Susceptibility to foot pad dermatitis (FPD) in turkeys is something that is likely to respond to genetic selection and could bring economic benefits, according to Paul Hocking from the Roslin Institute.
Addressing the recent Turkey Science and Production Conference in Chester, Dr Hocking said the latest research had confirmed that excess water in litter was the primary cause of FPD. This in turn was the result of excessive water intake, which was a necessary physiological response to high dietary potassium in soya-based diets. “However, the causative agent of FPD is exposure of the foot pad to water,” said Dr Hocking, who suggested that moisture content should be kept below 30%.
Different genotypes, including a traditional breed, had proved to be equally susceptible to FPD at a high litter water content over 70%. However, wide variations between individuals within each breed line suggested there was an opportunity to carry out genetic selection for resistance to the condition. Previous research had shown that FPD developed at an early age and was an immune response, rather than an allergic one.
Wood shavings were better than other materials at limiting FPD and, although the condition developed rapidly, the lesions healed within days when the birds were transferred to dry litter.

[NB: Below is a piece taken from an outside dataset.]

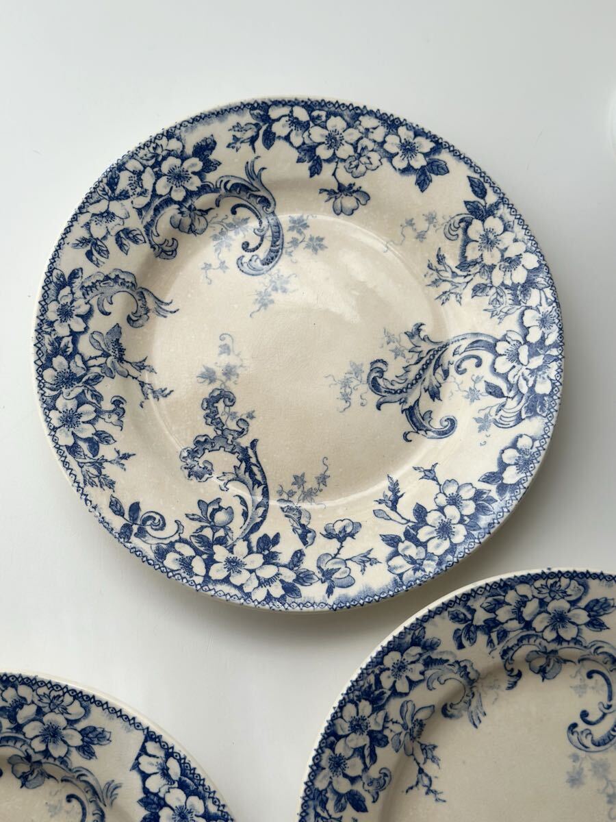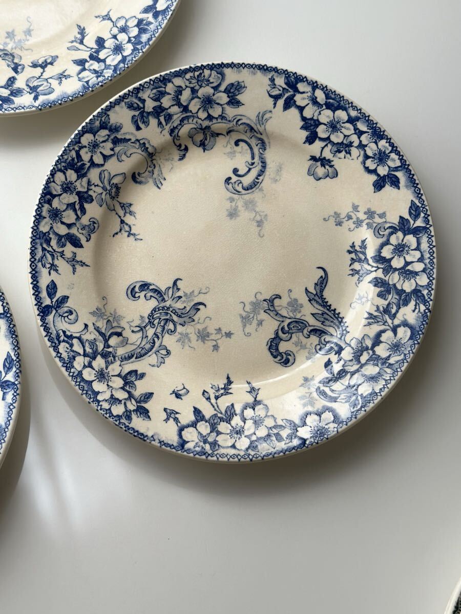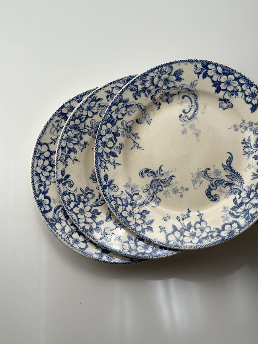 【★3枚セット】古手良品 フランス アンティーク 皿 Choisy le roi ショワジールロワ / “WILD ROSE“ デザートプレート 平皿 骨董

The latest research also found that the severity of the condition, assessed by a scoring system, increased linearly with litter moisture content. The wet litter resulted in reduced weight gain in all the commercial breeds, and in poorer feed conversion in every strain.
Further work was needed to confirm the extent of these effects, but there were strong economic reasons for finding ways of reducing the prevalence of FPD in commercial flocks.
There were also changes in bird behaviours caused by FPD which had welfare implications. “Turkeys kept on dry litter have a greater range and complexity of behaviour compared with those on wet litter,” said Dr Hocking. The data showed that birds were less active on wet litter, suggesting that FPD lesions can be painful.